I created two new methods. Let me know what you think.

mattdr added a subscriber: mattdr.Mon, Mar 16, 2:11 PM

This seems like a much more robust approach for mitigating inline asm. Thanks for that!

For now, my biggest question is around layering and separation of concerns. Do we really want to do transformations in the parser? It seems like that opens the door to making the parser API surprising and less helpful. For example, if the LVI mitigation is enabled the Parse and Emit operations of the parser no longer round-trip, which is very new and very nonobvious.

I definitely understand that you put the code here because it was the one path you could find that all attempts to emit ASM would go through. And I know it's frustrating I don't have a concrete suggestion for a different approach. Still working on that.

llvm/lib/Target/X86/AsmParser/X86AsmParser.cpp
3158

Let's add a comment about how this list was created, or maybe a reference to public documentation if this list is pulled from there. Otherwise folks coming afterward have no way to tell if this list is correct.

3186

Once the details of LVI have faded, future maintainers will really appreciate a comment here about what this mitigation *is*, what it's doing, etc.

3192

Same comment as for the list above.

sconstab updated this revision to Diff 250804.Tue, Mar 17, 9:40 AM

Added comments with pointers to LVI public documentation.

First, want to apologize for the high latency -- thanks to (gestures vaguely in the air) I've been mostly offline during the day and trying to catch up at night.

I think I've probably said my piece here.
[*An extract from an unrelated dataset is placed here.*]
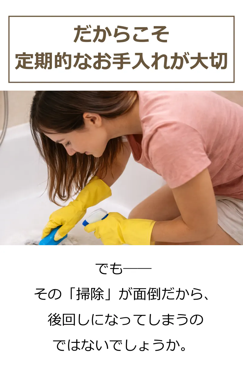 強い薬剤ではなく、表面構造から考えたヌメリ対策です。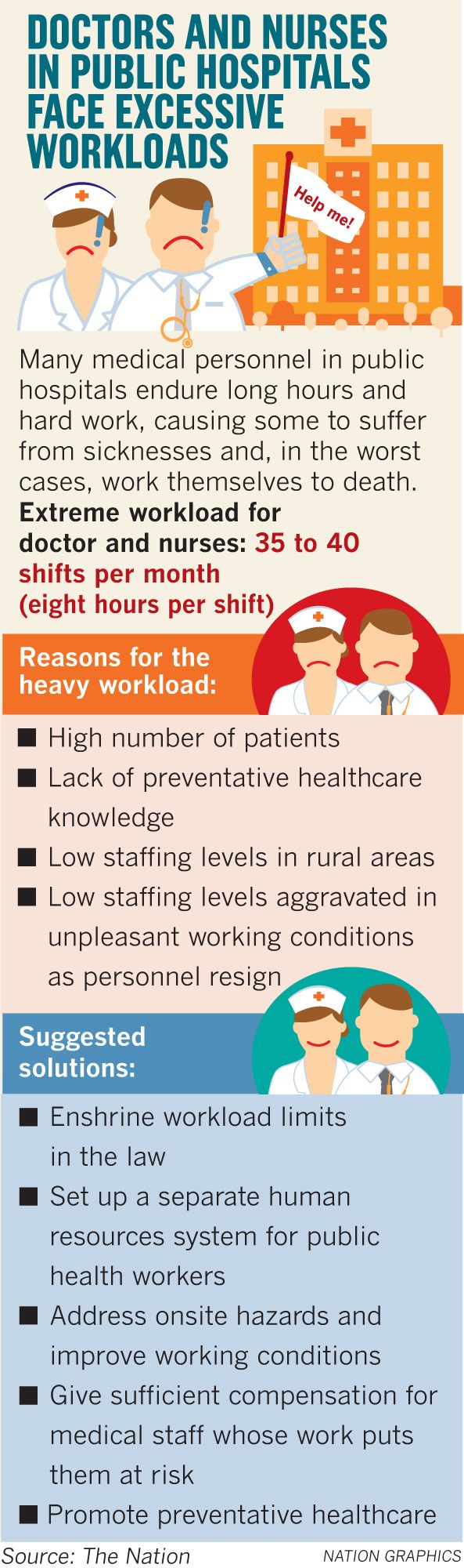 totally wrong. In reality, the public hospital doctors work very hard for unacceptably long hours. Some have to work up to 40 shifts per month. Compare that to normal workers, who work eight hours for 20 to 22 days per month,” Cherdchoo said.

Summarizing themes from my comments:

  1. the parser seems like a weird place to put this mitigation
  2. the lists of instructions feel very magic because there's no explanation of how they were arrived at. They can also be incomplete or become out of date. Consider fixing both by matching instructions by interesting properties instead of opcodes. Include an explanation of why the properties make the instructions interesting in the context of LVI.
  3. the warnings we fire aren't actionable

Ultimately, though, these are code-quality and maintainability issues and I'm not a maintainer. Especially since I'm only occasionally-online right now, please don't consider me a blocker for the review.

llvm/lib/Target/X86/AsmParser/X86AsmParser.cpp
3167

Following up on my previous comment: it seems like this is supposed to be the full set of instructions that combine a load from memory with a control flow change dependent on that load.
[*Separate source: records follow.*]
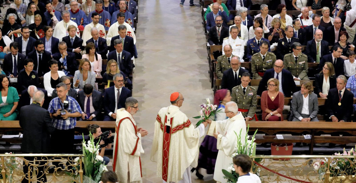 Misa solemne en la basílica de la Virgen de la Mercè con motivo de la festividad de la patrona de Barcelona. Homilía del cardenal arzobispo, Juan José Omella. Autoridades civiles y militares presentes. Ni una palabra sobre la noticia que ha abierto todos los informativos la víspera. La detención de un grupo de sospechosos de estar preparando acciones terroristas con motivo del segundo aniversario del 1-O y en vísperas de la sentencia del juicio a los líderes políticos del denominado procés soberanista.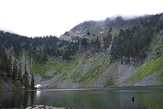 Alaska Lake is a freshwater lake located on the western skirt of Alaska Mountain at the border between King County and Kittitas County, Washington.[2] The lake is a popular area for hiking, swimming, and fishing. Other Alpine lakes are in the vicinity, including the Rampart Lakes a short distance south, at the base of Mount Margaret. To the east is Hibox Mountain.[3]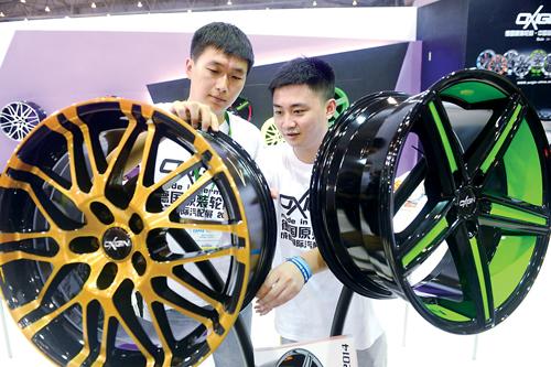 7月21日,首届成都国际汽车零配件及售后服务展览会开幕。展会共吸引来自13个国家及地区的近600家企业参与。展会涵盖汽车零部件、维修与保养、用品及改装等内容,展示汽车行业最新产品及科技。图为零部件企业工作人员在向观众介绍汽车零配件。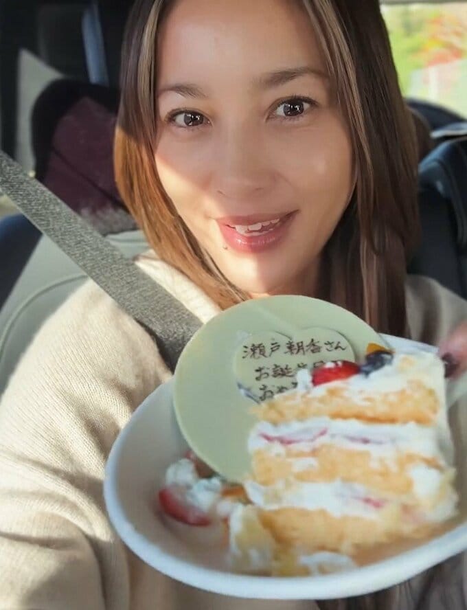 移動中の車内で瀬戸さんが手にしたお祝いのケーキには、『瀬戸朝香さん お誕生日おめでとうございます』のメッセージが添えられています。

How are we sure the list is complete? Just from a quick look at the return instructions LLVM has for X86, it looks like LRETL and LRETQ exist and would not be mitigated.

Can we just look at the MCInstDesc and warn for instructions that mayLoad and mayAffectControlFlow? Then this list will stay up to date even if new instructions are added.

3186

This warning should at least tell users *why* this is vulnerable, and ideally offer the next step for fixing it.

3206

I didn't find any mention of these instructions, why they would "require additional considerations", or what folks should actually *do* if they hit this warning by reading https://software.intel.com/security-software-guidance/insights/deep-dive-load-value-injection.

Here's my best guess:
This is a list of string instructions that can be used with REP and which update ZF in EFLAGS instead of relying on an a count in rcx to terminate". When used with REP or REPNE, these instructions become interesting because an attacker could use LVI to change the target's speculative control flow by injecting a value for a load. Since the instruction is indivisible, there's no place to put an LFENCE, so like RET these instructions need to be split into load and compare/branch components.

Is that accurate?

If so, we could explain it that way and replace the hardcoded list with hasImplicitDefOfPhysReg(X86::EFLAGS)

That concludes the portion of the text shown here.